School of Life Sciences, Arizona State University, Tempe, Arizona 85287-4501, USA.
Department of Biology, Juniata College, Huntingdon, Pennsylvania 16652, USA.
Learn Mem. 2024 Jun 11;31(5). doi: 10.1101/lm.053915.124. Print 2024 May.
When animals learn the association of a conditioned stimulus (CS) with an unconditioned stimulus (US), later presentation of the CS invokes a representation of the US. When the expected US fails to occur, theoretical accounts predict that conditioned inhibition can accrue to any other stimuli that are associated with this change in the US. Empirical work with mammals has confirmed the existence of conditioned inhibition. But the way it is manifested, the conditions that produce it, and determining whether it is the opposite of excitatory conditioning are important considerations. Invertebrates can make valuable contributions to this literature because of the well-established conditioning protocols and access to the central nervous system (CNS) for studying neural underpinnings of behavior. Nevertheless, although conditioned inhibition has been reported, it has yet to be thoroughly investigated in invertebrates. Here, we evaluate the role of the US in producing conditioned inhibition by using proboscis extension response conditioning of the honeybee (). Specifically, using variations of a "feature-negative" experimental design, we use downshifts in US intensity relative to US intensity used during initial excitatory conditioning to show that an odorant in an odor-odor mixture can become a conditioned inhibitor. We argue that some alternative interpretations to conditioned inhibition are unlikely. However, we show variation across individuals in how strongly they show conditioned inhibition, with some individuals possibly revealing a different means of learning about changes in reinforcement. We discuss how the resolution of these differences is needed to fully understand whether and how conditioned inhibition is manifested in the honeybee, and whether it can be extended to investigate how it is encoded in the CNS. It is also important for extension to other insect models. In particular, work like this will be important as more is revealed of the complexity of the insect brain from connectome projects.

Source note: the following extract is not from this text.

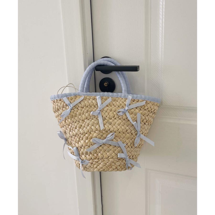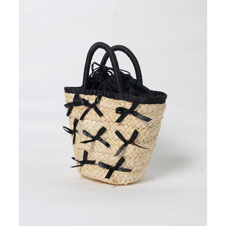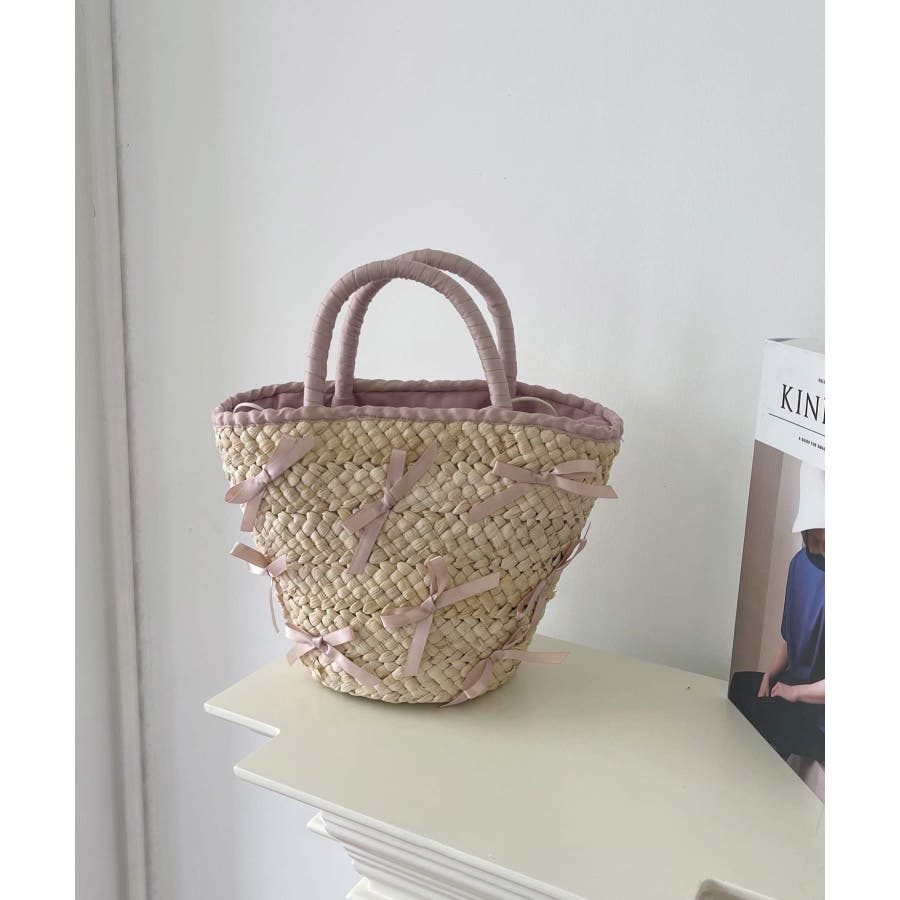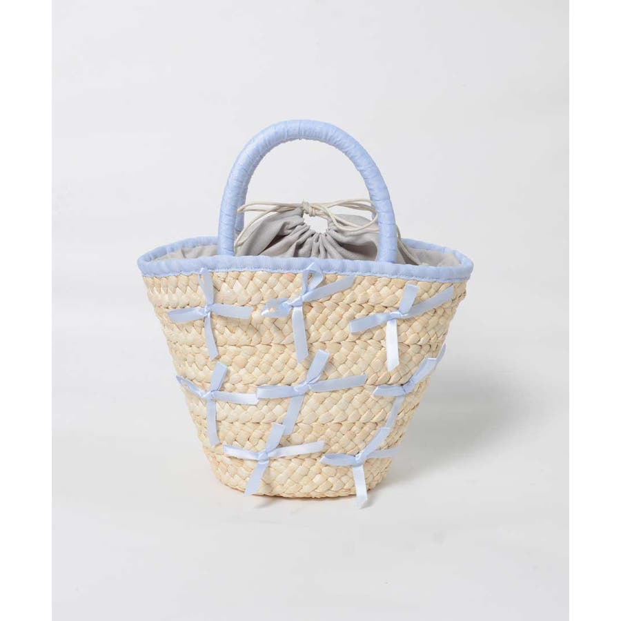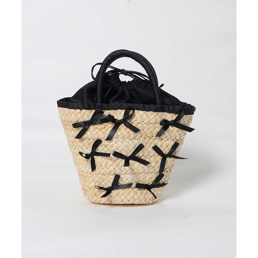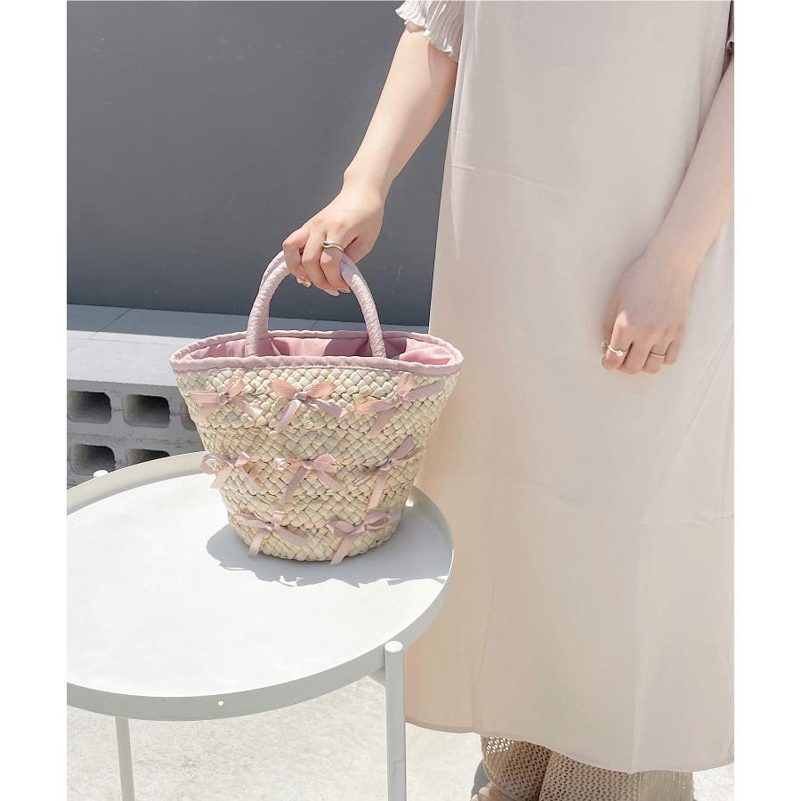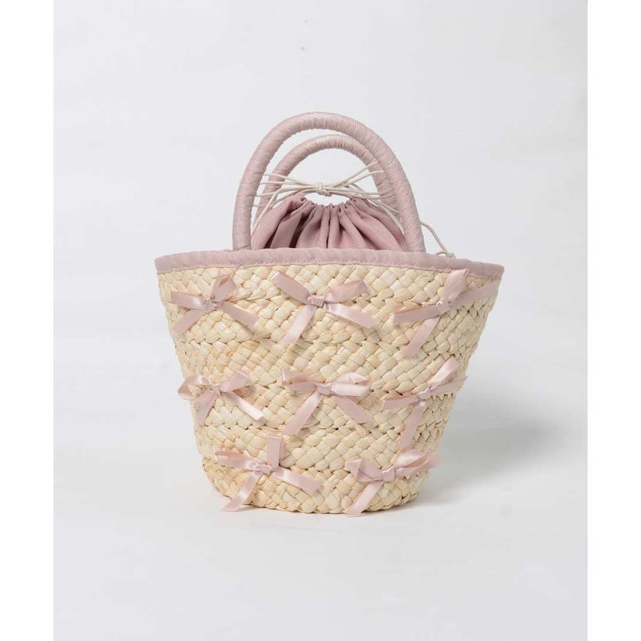 シンプルなかごバッグにリボンがデコレーションされたかわいいバッグ。

当动物学会将条件刺激 (CS) 与非条件刺激 (US) 联系起来时,随后呈现 CS 会引发对 US 的表示。当预期的 US 未发生时,理论解释预测,任何与 US 变化相关的其他刺激都会产生条件抑制。哺乳动物的实证工作证实了条件抑制的存在。但是,它的表现方式、产生它的条件以及确定它是否与兴奋性条件反射相反,都是重要的考虑因素。无脊椎动物可以为这一文献做出有价值的贡献,因为它们具有成熟的条件反射方案,并可以进入中枢神经系统 (CNS) 研究行为的神经基础。尽管已经报道了条件抑制,但在无脊椎动物中尚未对其进行彻底研究。在这里,我们通过使用蜜蜂的触角延伸反应()来评估 US 在产生条件抑制中的作用。具体来说,我们使用“特征负”实验设计的变体,使用相对于初始兴奋性条件反射期间使用的 US 强度的 US 强度下降来显示气味混合物中的一种气味可以成为条件抑制剂。我们认为,条件抑制的一些替代解释不太可能。然而,我们表明,个体之间在表现出条件抑制的强度上存在差异,有些个体可能会以不同的方式了解强化的变化。我们讨论了如何解决这些差异,以充分了解条件抑制在蜜蜂中是否以及如何表现出来,以及它是否可以扩展到研究它在 CNS 中是如何编码的。这对于扩展到其他昆虫模型也很重要。特别是,随着昆虫大脑连接组项目揭示出昆虫大脑的复杂性,此类工作将变得非常重要。